Reviews

Review: Hamlet (Harold Pinter Theatre)

Robert Icke’s unmissable production starring Andrew Scott transfers to the West End

Sarah Crompton

Sarah Crompton

| London | London's West End |

16 June 2017

When this production of Hamlet, starring Andrew Scott, opened at the Almeida Theatre in March, I felt I had seen one of the great productions of Shakespeare’s play in my lifetime. Its transfer to the West End has done nothing to lessen that sense.

The triumph of Robert Icke‘s direction and Scott’s sensational central performance, is to make Hamlet feel like a new play. It takes the most familiar plot in the English theatre and the most quoted words in the English language and reveals them as fresh and vital.

Yet it does this without ever diminishing or traducing Shakespeare. The version performed is long and faithful; the words are all there. It is the vision that is different. It’s like molten literary criticism, treating every scene with reverence but examining its meaning with new eyes.

Revelations come both big and small. Its setting is contemporary – Hildegard Bechtler’s set – which looks stunning in this new setting – is a very modern palace, with comfortable lounges, dazzling fairy lights, and a battery of security screens controlling entry. When the Ghost (authoritative David Rintoul) first appears on those screens, prowling the cellars bringing loud bursts of static, it is genuinely frightening and exciting. It is also a clever piece of stagecraft: we know what he looks like because our first introduction to him is a newsreel of his funeral, screened in Danish, at the very beginning of the play.

When Scott’s Hamlet hugs his father, something already hinted at is confirmed: this is a Hamlet about love, about families that are fractured and destroyed, not because they are evil but because they make bad and good choices driven by the most elemental human emotions.

This applies not only to the royal family – where Juliet Stevenson‘s Gertrude and Angus Wright‘s Claudius are so physically besotted that they can’t keep their hands off each other – but to the Polonius, Ophelia, Laertes clan as well. It is Jessica Brown Findlay‘s devotion to her father (a wonderfully bumbling but warm Peter Wight) that makes her betray Hamlet and turns a gawky, lovable girl into a traumatised, terrified wreck; it is Gertrude’s adoration of Hamlet that makes her finally see through Claudius (we know the minute it happens) and ultimately kill herself to save him.

None of Icke’s interventions are gratuitous.
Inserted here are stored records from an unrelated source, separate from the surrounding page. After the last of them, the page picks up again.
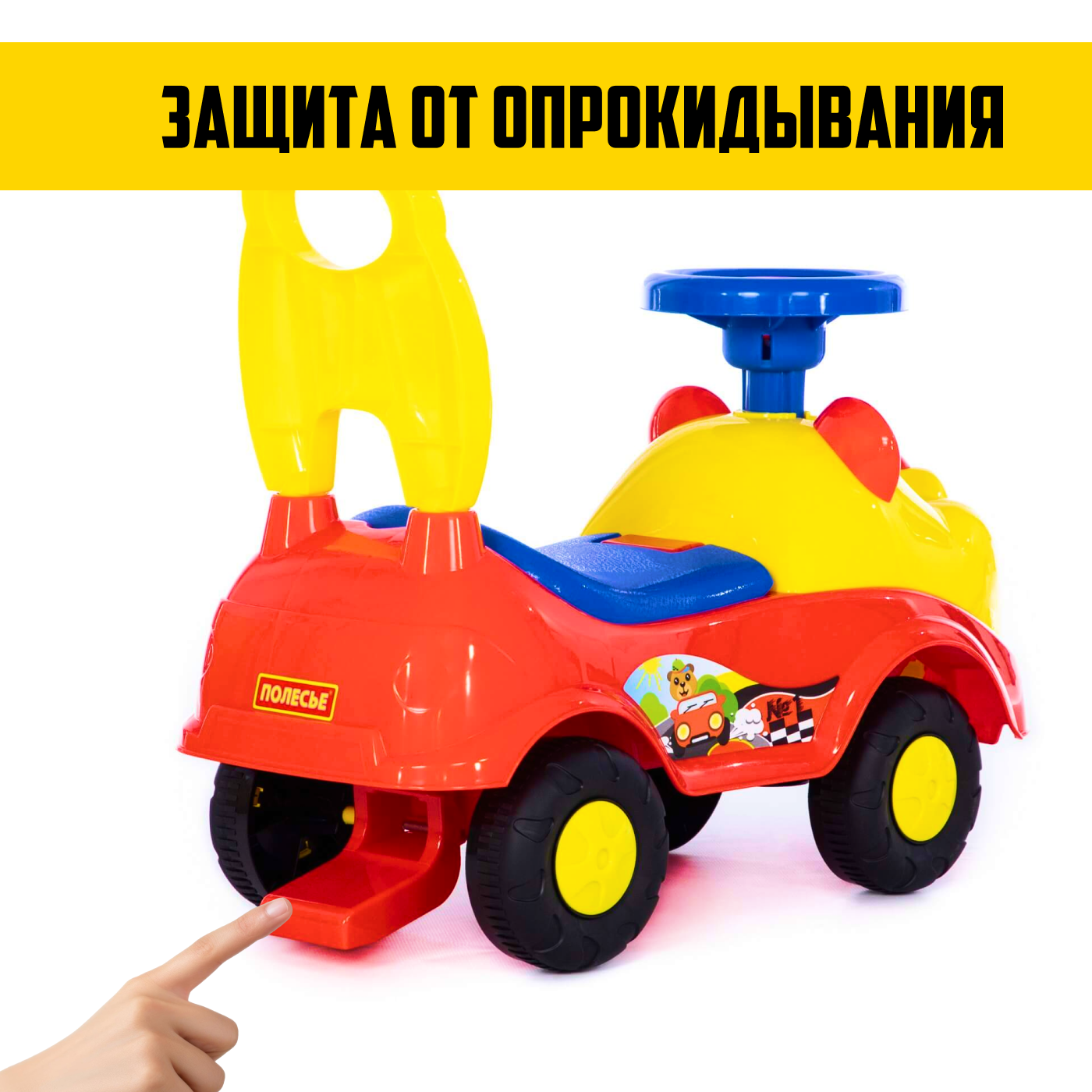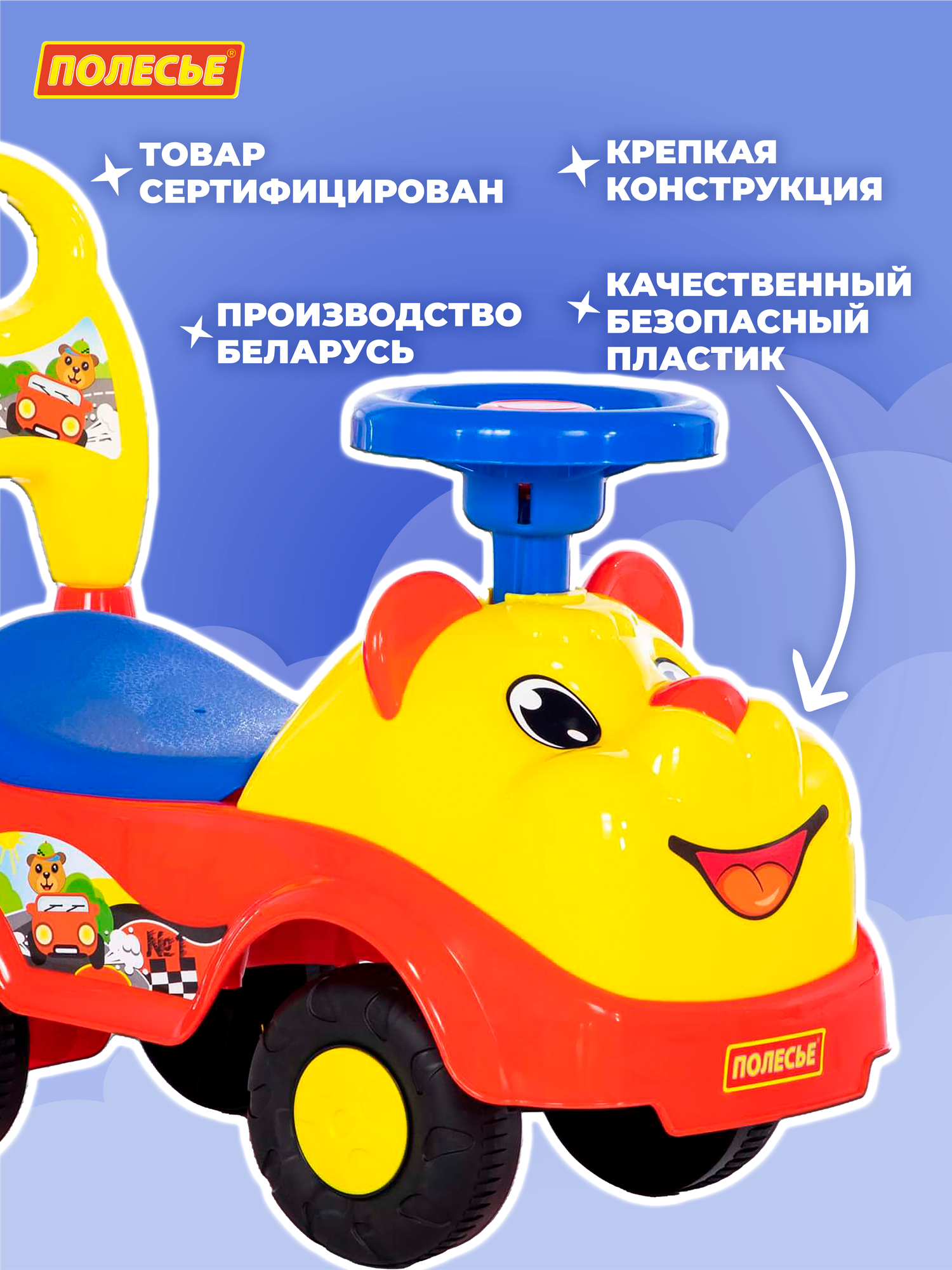 Купить Автомобиль-каталка Полесье Мишка (77974), желтый/синий/красный
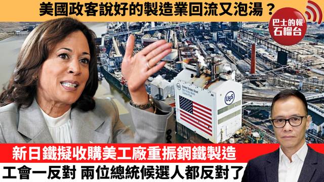 盧永雄「時事快評」美國政客說好的製造業回流又泡湯? 新日鐵擬收購美工廠重振龬鐵製造,工會一反對 兩位總統候選人都反對了。 24年9月4日 (盧永雄)
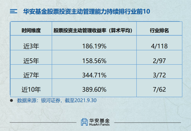 截至三季度末,考察近3年、近5年、近7年、近10年各个时间维度,华安基金股票投资主动管理能力均在同行业中排名前10!
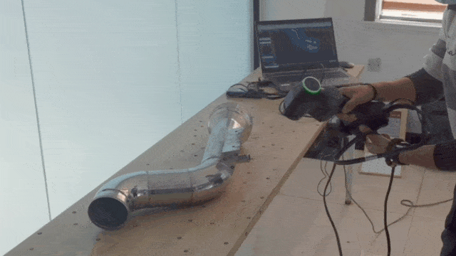 ▲將管件放在貼有標(biāo)志點(diǎn)的桌面上,使用RigelScan掃描,用時(shí)不到1分鐘,即可得到完整的管件三維數(shù)據(jù)

He is not making Shakespeare modern because he has a few gimmicky ideas that he wants to impose. Every single detail is carefully thought through and explained, sometimes by creating silent scenes between scenes and sometimes simply by paying strict attention to even the smallest line; I have never, for example, seen the relationship between Hamlet and his friend Horatio better realised, and this is in part achieved by making the simple phrase 'my lord' full of meaning.

Every aspect of the production is sensitively executed (hats off to the entire team), but at the heart of it all is Scott’s Hamlet, embodying in his stillness and his quietly conversational style all the staging's merits.

We in the audience are his confidantes in soliloquies performed right at the front of the stage. What he manages to do is to make those famous speeches unfamiliar, full of thought and feeling. There is not a single moment when Scott declaims a line; he talks to us, unpacking his heart, revealing his grief and his suicidal despair. His Hamlet is a man longing to make things right. In the radically rethought final scene, his discovery of a kind of hope is almost unbearably moving. I found I was crying.

One of Icke’s interventions, to create the bond between the audience and Hamlet, is to raise the house lights when Hamlet is instructing the players how to perform. When he asks them to fulfil their duty to ‘show… the very age and body of the time his form and pressure' and 'hold the mirror up to nature', he seems to be speaking about the production in which he is performing. Icke has indeed fulfilled his ambition to make a Hamlet for the Netflix generation.

But he has done something more; he has revealed it as a resonant play for today. In Scott, he has a Hamlet for the ages, a performance that will go down in history.

I could write about it forever, but let me say plainly, this is an unmissable production for anyone who cares about theatre. Just go and judge for yourself.

Hamlet runs at the Harold Pinter until 2 September.